Zebrafish BLECs, but not macrophages, take up Aβ1-40. a Schematic showing the location of BLECs (green) relative to the Aβ1-40 injection site into a pocket of CSF near the hindbrain ventricle (HBV). TeO = Optic Tectum. n = 4 brains b Confocal projection of double transgenic Tg(kdr-l:mCherry); Tg(flt4:mCitrine);casper 7dpf larvae, which labels vasculature in red and BLECs in green, injected with Aβ1-40 (blue). Dotted box detailed in (c). Scale = 150 µm. n = 4 brains c After injection, Aβ1-40 (blue) accumulates within mCitrine-positive BLECs (green, white arrows showing co-localization) but not within mCherry-positive vasculature (magenta). The green (BLECs) and blue (Aβ1-40) channels are shown separately in the insets. Scale = 30 µm. n = 4 brains. d A 3-D reconstruction of the mCitrine positive BLEC (green) shows a cutaway (dotted line) into the interior portion of the cell to highlight the internalization of Aβ1-40 (blue with white arrows). Scale = 15 µm. n = 4 brains. e A representative confocal projection of double transgenic Tg(mpeg1:mCherry); Tg(flt4:mCitrine);nacre/ 7dpf larvae, which labels macrophages in magenta and BLECs in green, injected with Aβ1-40 (blue). The white dotted box is detailed in (e′) showing Aβ1-40 (blue) accumulates within mCitrine-positive BLECs (green) but not within mCherry-positive macrophages (magenta). White arrows point to co-localization of green BLECs with blue Aβ1-40. Scale = 30 µm. n = 3 brains

To test whether mouse LLECs internalize macromolecules, both 10kD cascade blue dextran and fluorescently-tagged Aβ (HiLyte-647) were slowly co-infused (1 µL/minute) into the cisterna magna of 2-month old mice (Fig. 6a, arrow) that were sacrificed after 60 min and processed for IHC. The 10kD dextran was detected within PROX1 and LYVE1 co-expressing cells (Supplementary Fig. 5), demonstrating that LLECs can internalize macromolecules. In addition to the walls of meningeal blood vessels (e.g.
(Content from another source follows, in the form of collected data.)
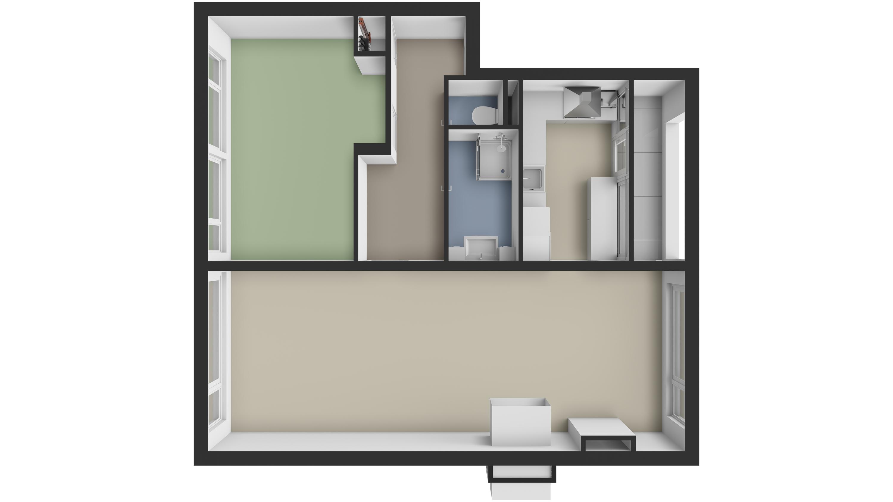 - Licht en zeer ruim 2-kamer hoekappartement op de 1e woonlaag;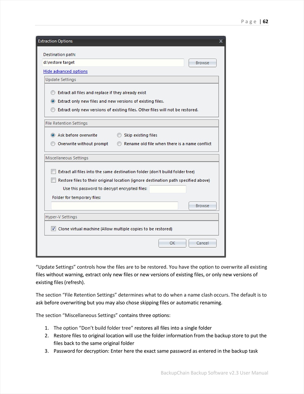 BackupChain User Guide v2.3 Page #62 of 106
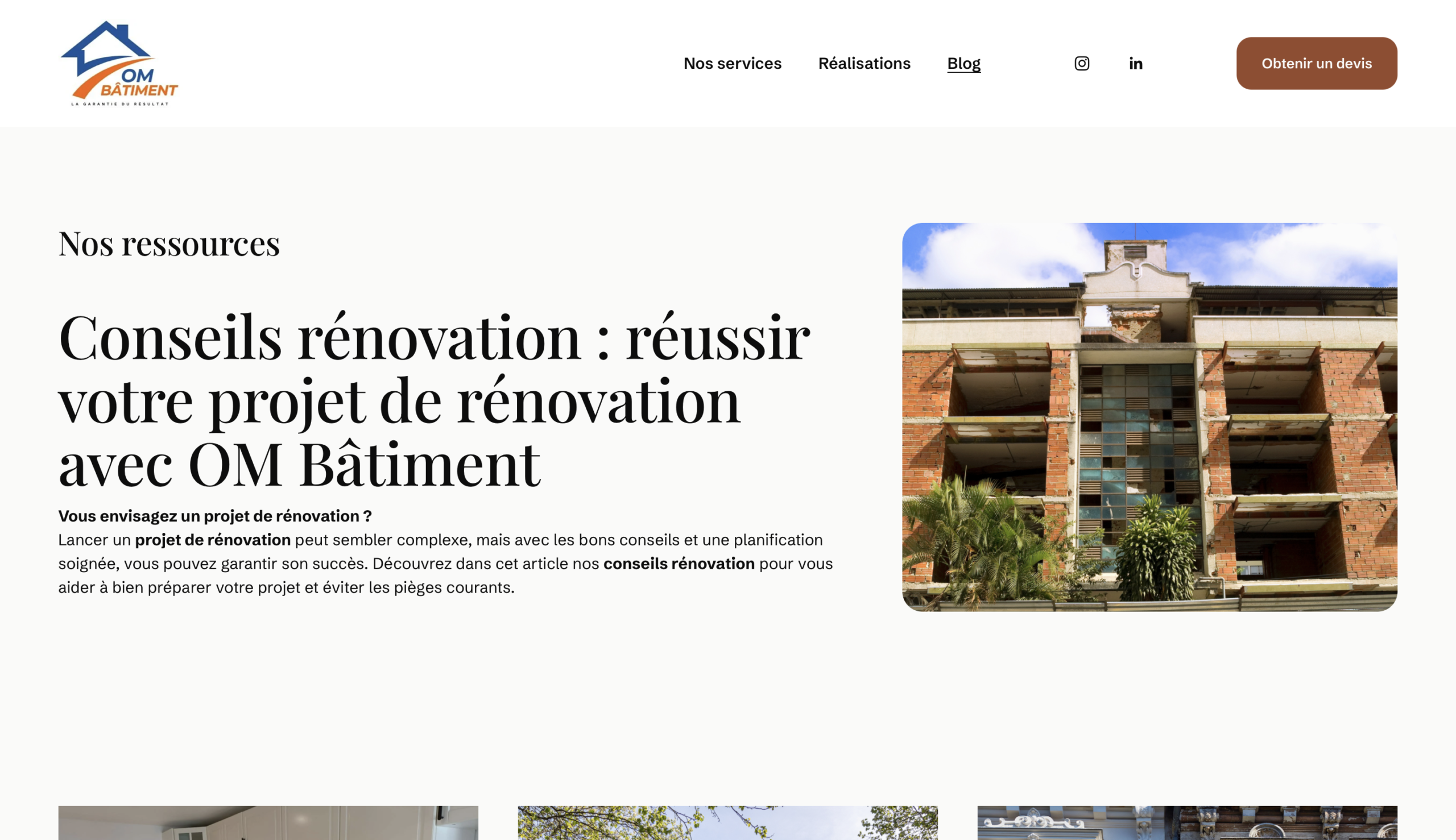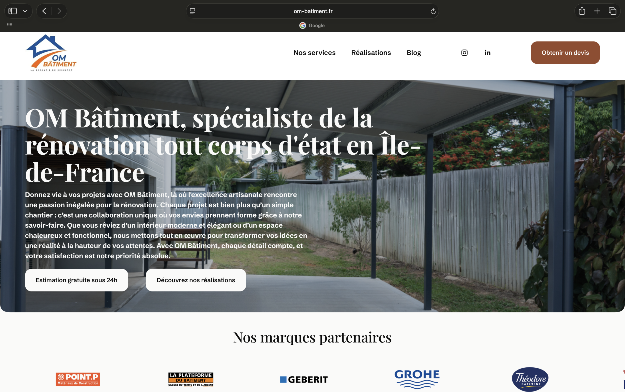 Résultats obtenus : le site vitrine a permis à l’entreprise de rénovation d’affirmer sa présence en ligne et de valoriser ses réalisations. Il facilite désormais la découverte des services par les clients potentiels et contribue à générer de nouvelles opportunités de contact.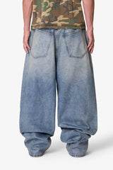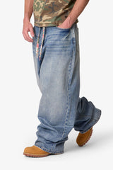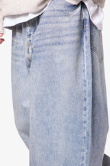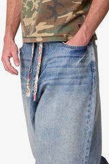 Constructed from 100% cotton denim with a stone wash and wax coating, the Mega Baggy Waxed Denim features a heavily oversized fit with wide legs and an adjustable drawcord waist. Designed with sanding and whiskering throughout, it’s finished with a button fly and standard five-pocket construction.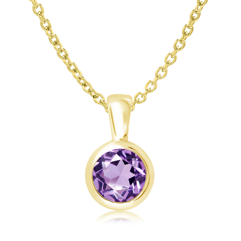 Sparkling round cut amethyst rub-over set in beautifully simple pendant on a trace chain. 925 sterling silver with yellow gold plating. Pendant Width: 11 mm Chain: Adjustable 17 – 18 inch trace chain with trigger clasp. Gift Boxed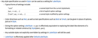 - Giving the option setting LabelStyle->spec is effectively equivalent to replacing the label-like elements of a formatting or related construct by Style[label,spec].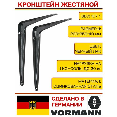 Кронштейн Vormann жестяной 200*250*40 мм, оцинкованный, цвет:, нагрузка до 30 кг, 2 шт.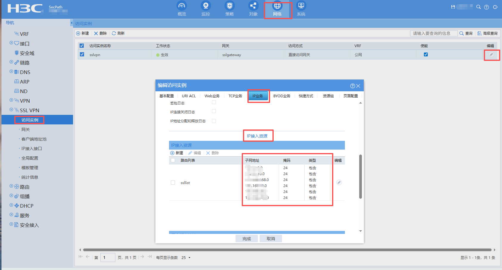 F1000-AK155如何配置ssl vpn访问策略,配置可访问的IP地址段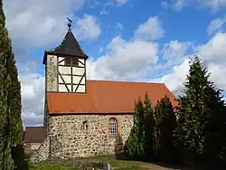 Die Kirche wurde wahrscheinlich im späten 12. Jahrhundert erbaut. Sie ist somit eine der ältesten Kirchen im Niederen Fläming. Das Feldsteinmauerwerk ist noch unregelmäßig, so dass angenommen wird, dass die Kirche vor anderen Flämingkirchen entstanden ist. Die Kirche wurde im Dreißigjährigen Krieg zerstört und danach wieder aufgebaut. Die Wetterfahne trägt die Jahreszahl 1686, wahrscheinlich das Jahr des Wiederaufbaues. Das Dachwerk stammt aus dieser Zeit. Von 1864 bis 1865 wurde die Kirche renoviert, dabei entstanden die großen Rundbogenfenster. 1934/1935 wurde bei einer Renovierung der Fachwerkturm neu erbaut. Der Turm trägt ein geschweiftes Zeltdach. In den 1970er Jahren wurde die Bemalung aus dem Jahr 1892 beseitigt. Vor 2000 wurde das Dach neu gedeckt und der Turm erneuert.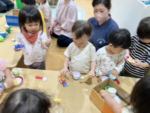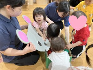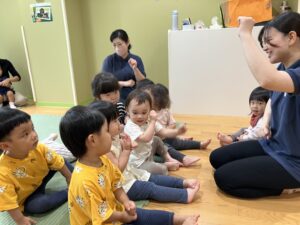 未就園の子も最初はドキドキした表情でしたが、保護者と一緒に参加だったので、少しずつ慣れてくると楽しそうに遊びだす姿がありました🌟
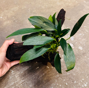 ASSTD. ANUBIAS оn Driftwооd. Driftwооd Сreаtiоns – рlаnts grоwn оn wооd аnd lаvа stоne. Driftwооd сreаtiоn рrоduсts аre а rаnge оf рlаnts tаking rооt оn bоgwооd оr lаvа stоnes. Рlаnts thаt grоw direсtly оn wооd аnd stоne will be fаr hаrder thаn рlаnts grоwing in роts. The driftwооd сreаtiоn рrоduсts give yоu а vаriety оf аррliсаtiоns. Yоu саn сreаte аn аquаrium thаt lооks mаture frоm the very stаrt. Fоr аquаriums with fishes thаt аre hаrd оn рlаnts, bоth Miсrоsоrum аnd Аnubiаs (hаrdy рlаnts) аre reсоmmendаble.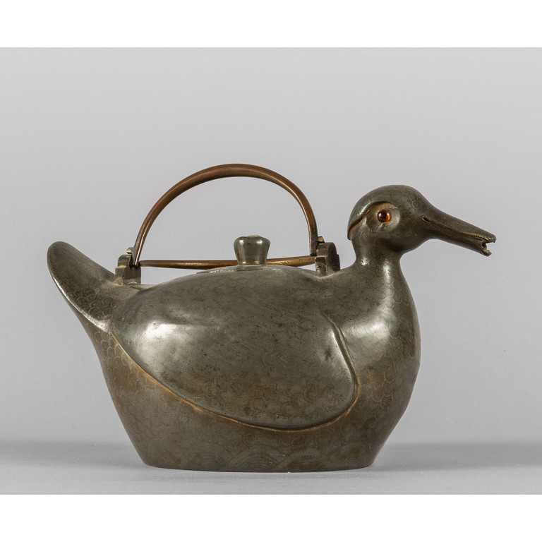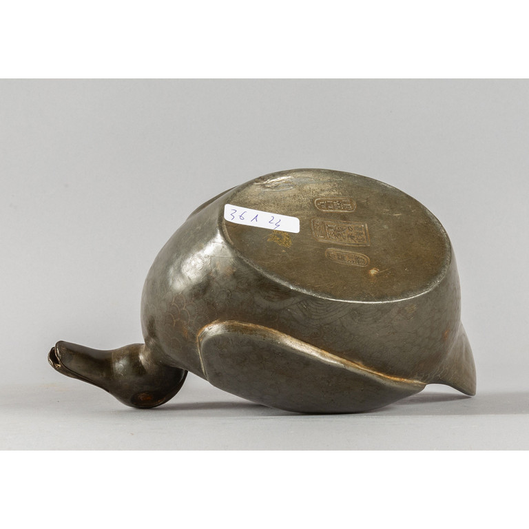 Previous Lot 0358 Next Aste Boetto - Via Mura dello Zerbino 10R, 16122 Genova ASTA DI ARTE ORIENTALE Asta di Arte Orientale Wednesday 6 March 2024 hours 10:30 (UTC +01:00) OGGETTISTICA Theiera in bronzo a forma di anatra inizi sec.XXcm.21xh.13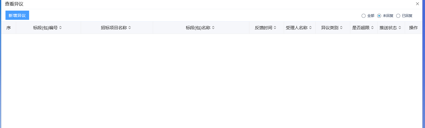 2、在弹出的页面显示异议列表,如要新增异议,点击左上角的新增异议,如下图: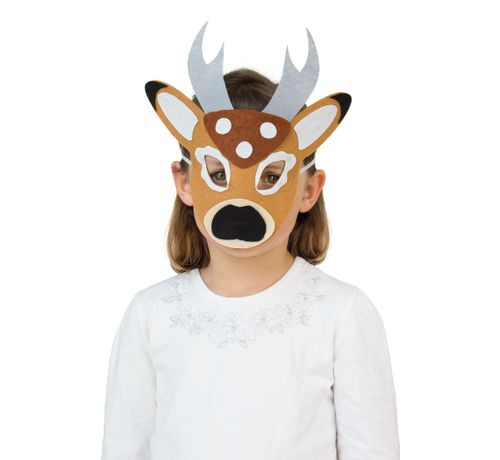 Maska filcowa jest idealnym uzupełnieniem stroju Jelonka dla dzieci lub jako samodzielny gadżet na przedstawienia, teatrzyki, bale karnawałowe oraz do zabawy. Twoje dziecko może się szybko wcielić w nową rolę i poczuć jak jelonek Bambi.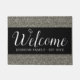 Welcome doormats with a classy silver glitter print . Personalize with family name and established year.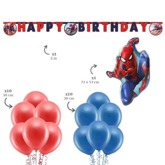 Il s'agit d'un pack avec tout le nécessaire pour profiter d'une fête à thème de Spiderman.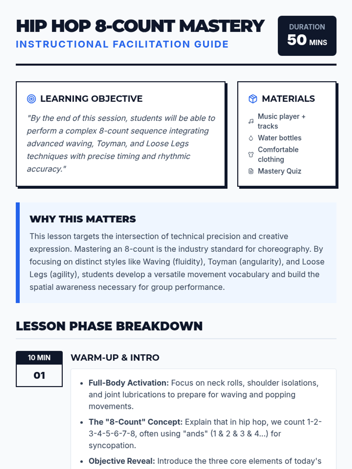 A high-energy lesson focused on mastering an 8-count hip hop sequence featuring advanced waving, Toyman, and Loose Legs techniques.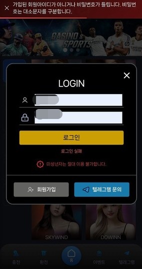 그래서 다시 접속을 시도했는데 없는 계정이라는 문구만 계속 뜨고 전혀 들어가질 않았습니다.

Fig. 6f′′), Aβ was also internalized by cells that co-expressed pairwise combinations of the BLEC associated markers MRC1, LYVE1, VEGFR3, and PROX1 (Fig. 6d–f′′′ and Supplementary Fig. 5). Although technical constraints precluded the simultaneous imaging of fluorescently-tagged Aβ and three LLEC markers, the high rate of LLEC marker co-localization (often > 90% e.g. see Fig. 1 and Supplementary Fig. 1) in the leptomeninges means the uptake rates observed in these pairwise combinations is a strong indication that LLECs expressing at least four markers are internalizing Aβ.
Fig. 6

Mouse LLECs take up Aβ 1-40. a Schematic showing the site of dye and Aβ1-40 perfusion into the CSF via the cisterna magna (arrow) of a 2-month old mouse. The dotted line indicates the plane of section. A anterior, P posterior, D dorsal, V ventral. b Coronal brain section indicating the areas imaged. SF4 refers to area captured in Figure S4. c The percentage of each labelled cell type that internalized perfused Aβ. Cells co-expressing VEGFR3 and LYVE1 take up Aβ at a higher rate than MRC1, LYVE1 double-positive cells as well as MRC1-positive, LYVE1-negative cells (p ≤ 0.05, bootstrap). VEGFR3, LYVE1 counts, n = 2 brains (3 sections/brain). MRC1, LYVE1 counts, n = 3 brains (3 sections/brain). d–d′′′ Cells of the adult mouse meninges that co-express VEGFR3 (d, green) and LYVE1 (d′, white) internalize Aβ1-40 (d′′, cyan). Scale = 20 µm. e-e′′′) Cells of the adult mouse meninges that co-express VEGFR3 (e, green) and MRC1 (e′, white) internalize Aβ1-40 (e′′, cyan). Scale = 40 µm. ff′′′) Cells of the adult mouse meninges that co-express MRC1 (f, magenta) and LYVE1 (f′, white) internalize Aβ1-40 (f′′, cyan). The walls of a blood vessel (white arrowhead, f′′) also accumulate Aβ1-40. Scale = 60 µm

Since Aβ is preferentially internalized by BLECs and not by macrophages in zebrafish, we quantified the rates of Aβ internalization by these populations. On average, 95% of mouse LLECs, which express both VEGFR3 and LYVE1, had internalized Aβ after 60 min (Fig. 6c). In contrast, 72% of MRC1, LYVE1 double positive cells, which identifies both putative BLECs and macrophages, internalized Aβ, a significantly lower rate compared to LLECs (p < 0.05, bootstrap). The rates of Aβ internalization were even lower for cells expressing only MRC1, with only 30% of these cells internalizing Aβ (Fig. 6c). Together with the zebrafish data, these results suggest that a greater capacity to internalize Aβ is a hallmark feature of BLECs and LLECs that functionally distinguishes them from meningeal macrophages.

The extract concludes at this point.